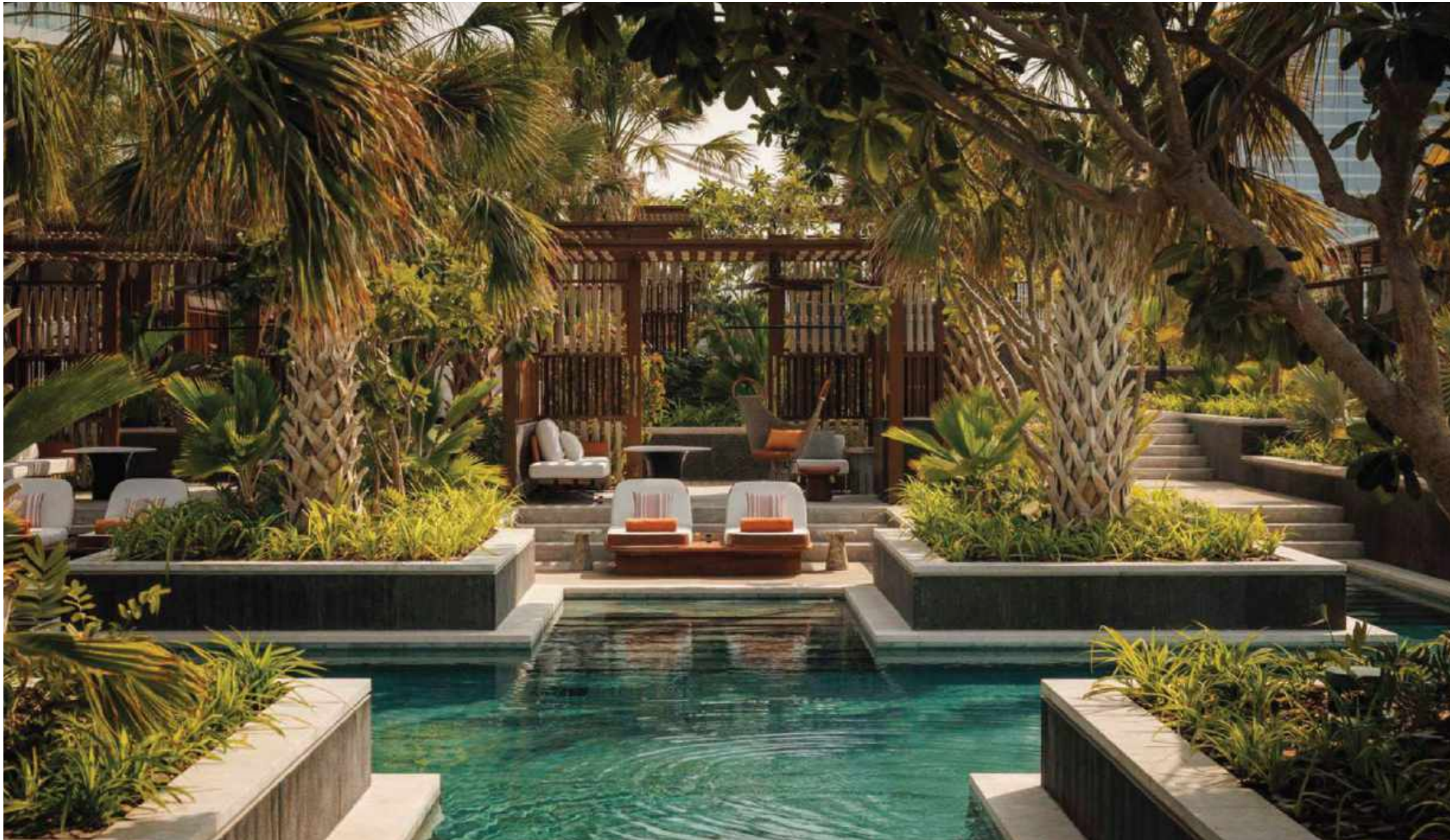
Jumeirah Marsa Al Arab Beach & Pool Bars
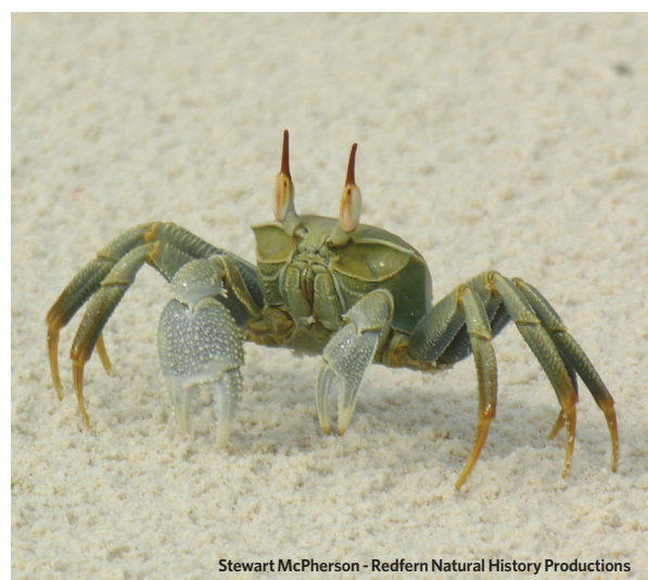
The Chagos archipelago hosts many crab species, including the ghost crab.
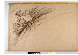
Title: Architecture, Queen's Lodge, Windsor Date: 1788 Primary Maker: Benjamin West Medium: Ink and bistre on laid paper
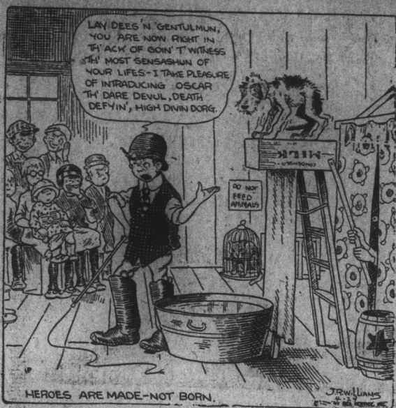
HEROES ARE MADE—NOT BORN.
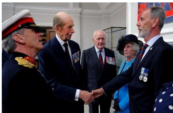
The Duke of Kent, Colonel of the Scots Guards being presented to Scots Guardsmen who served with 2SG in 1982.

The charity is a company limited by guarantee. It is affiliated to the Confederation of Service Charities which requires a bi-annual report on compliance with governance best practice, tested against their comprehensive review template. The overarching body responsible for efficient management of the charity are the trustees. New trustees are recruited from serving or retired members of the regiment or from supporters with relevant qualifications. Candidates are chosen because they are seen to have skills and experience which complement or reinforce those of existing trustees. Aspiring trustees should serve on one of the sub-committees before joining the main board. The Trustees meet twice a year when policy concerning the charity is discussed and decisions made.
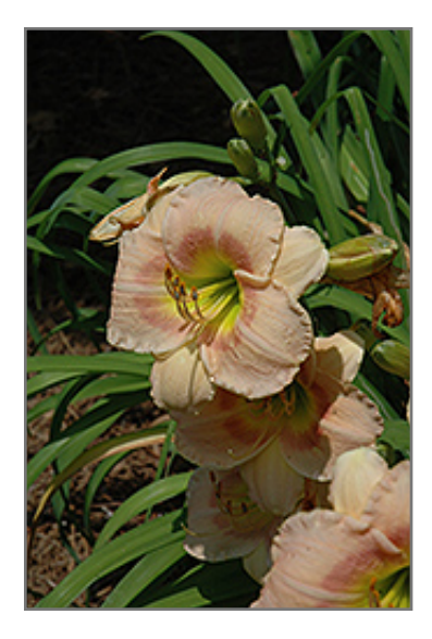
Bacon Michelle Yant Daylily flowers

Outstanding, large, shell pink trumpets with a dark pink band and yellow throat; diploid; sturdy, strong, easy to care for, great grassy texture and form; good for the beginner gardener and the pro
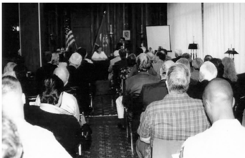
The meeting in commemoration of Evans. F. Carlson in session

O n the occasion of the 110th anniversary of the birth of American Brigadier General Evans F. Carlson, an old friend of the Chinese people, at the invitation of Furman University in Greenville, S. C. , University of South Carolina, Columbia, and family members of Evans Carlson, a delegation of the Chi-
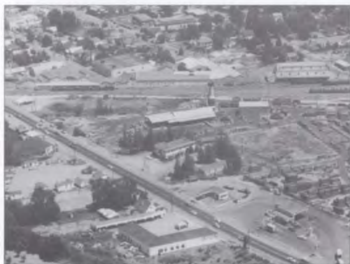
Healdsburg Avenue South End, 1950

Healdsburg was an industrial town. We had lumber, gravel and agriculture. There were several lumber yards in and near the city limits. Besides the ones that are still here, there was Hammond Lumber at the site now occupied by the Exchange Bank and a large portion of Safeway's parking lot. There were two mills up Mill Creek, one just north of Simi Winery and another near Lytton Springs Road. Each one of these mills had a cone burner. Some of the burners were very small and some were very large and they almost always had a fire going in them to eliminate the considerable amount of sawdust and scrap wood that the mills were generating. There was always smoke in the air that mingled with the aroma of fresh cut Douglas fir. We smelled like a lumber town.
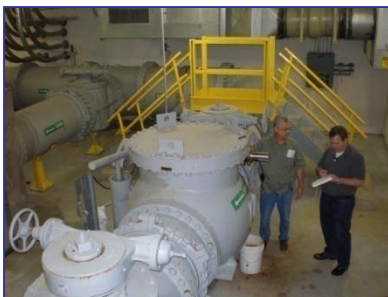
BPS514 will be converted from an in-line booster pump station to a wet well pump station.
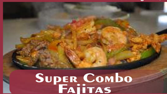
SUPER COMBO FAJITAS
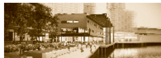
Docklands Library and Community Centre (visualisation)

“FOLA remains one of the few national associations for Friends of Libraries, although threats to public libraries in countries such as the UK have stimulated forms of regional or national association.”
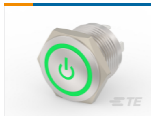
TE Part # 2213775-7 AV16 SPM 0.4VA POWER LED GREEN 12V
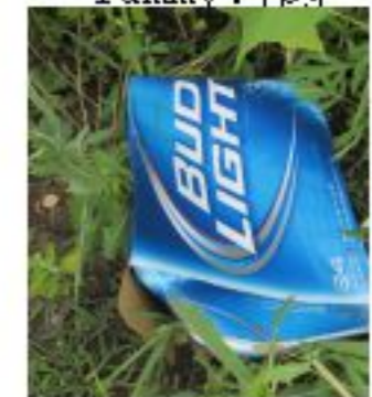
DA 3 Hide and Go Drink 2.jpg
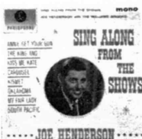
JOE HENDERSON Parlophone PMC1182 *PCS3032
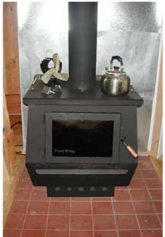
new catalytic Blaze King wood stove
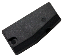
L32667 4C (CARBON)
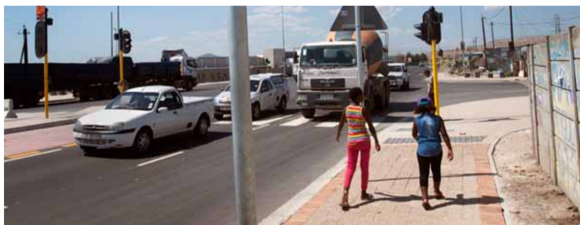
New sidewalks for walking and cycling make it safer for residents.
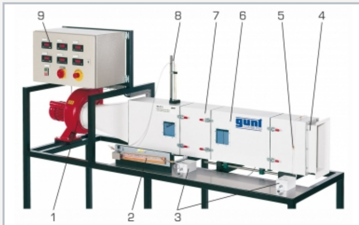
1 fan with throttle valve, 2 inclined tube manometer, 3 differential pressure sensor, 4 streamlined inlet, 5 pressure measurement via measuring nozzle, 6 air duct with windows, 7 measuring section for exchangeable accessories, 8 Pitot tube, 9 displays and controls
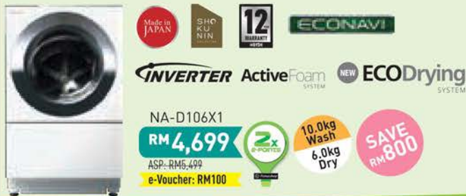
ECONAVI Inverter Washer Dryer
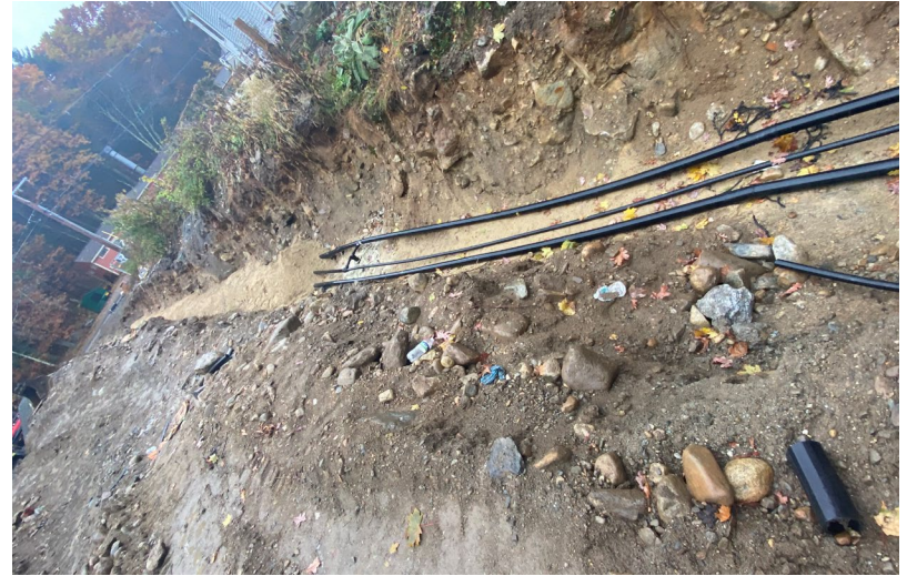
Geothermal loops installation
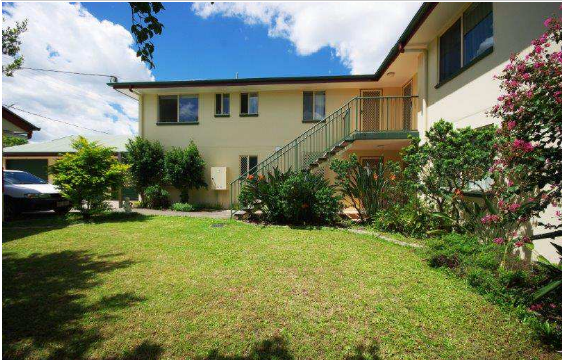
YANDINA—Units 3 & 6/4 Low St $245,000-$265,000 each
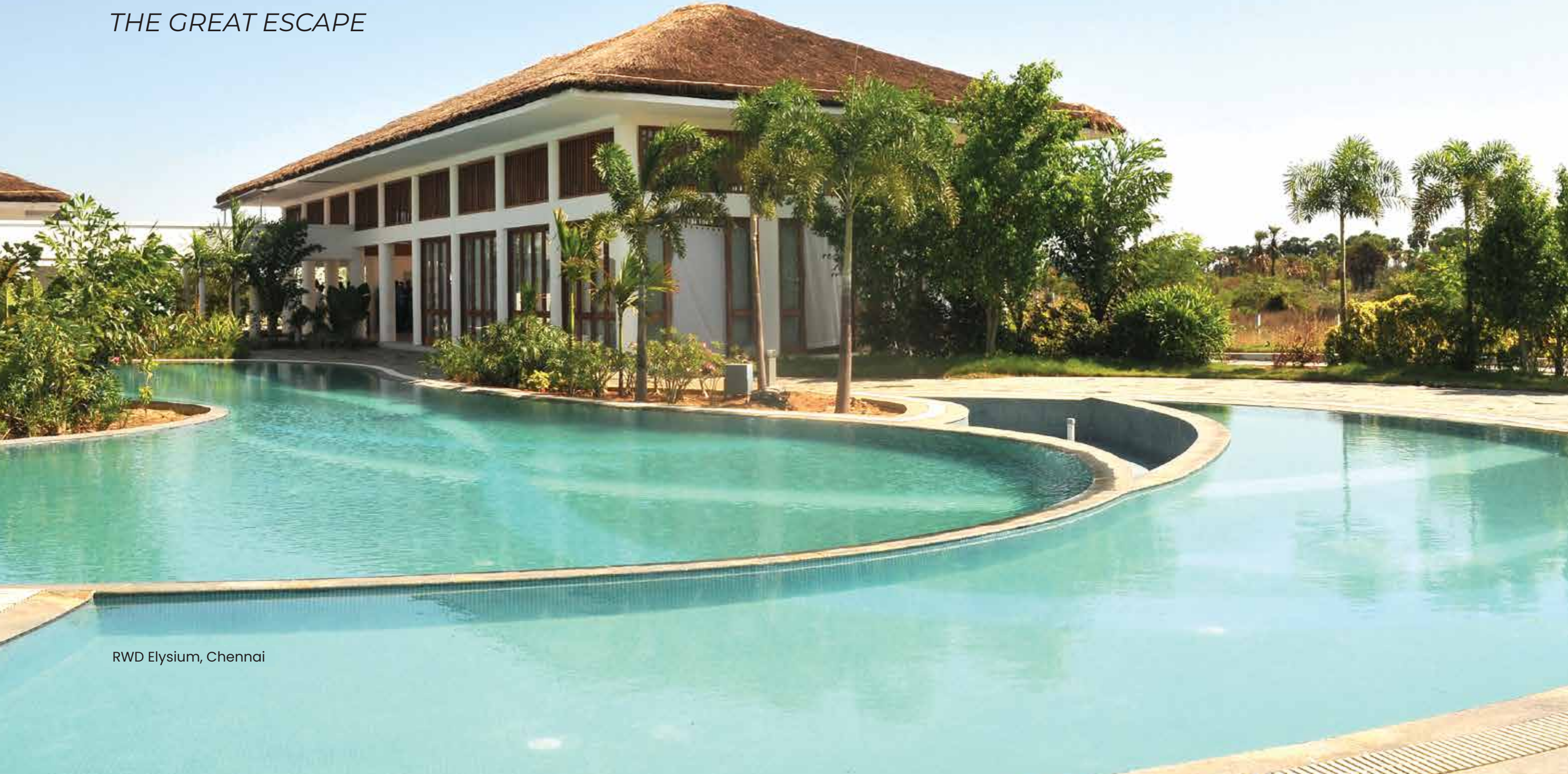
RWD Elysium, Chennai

Required action
Isolate each line of the listing above that includes "from". Copy it.

Your solution
The charity is a company limited by guarantee. It is affiliated to the Confederation of Service Charities which requires a bi-annual report on compliance with governance best practice, tested against their comprehensive review template. The overarching body responsible for efficient management of the charity are the trustees. New trustees are recruited from serving or retired members of the regiment or from supporters with relevant qualifications. Candidates are chosen because they are seen to have skills and experience which complement or reinforce those of existing trustees. Aspiring trustees should serve on one of the sub-committees before joining the main board. The Trustees meet twice a year when policy concerning the charity is discussed and decisions made.
BPS514 will be converted from an in-line booster pump station to a wet well pump station.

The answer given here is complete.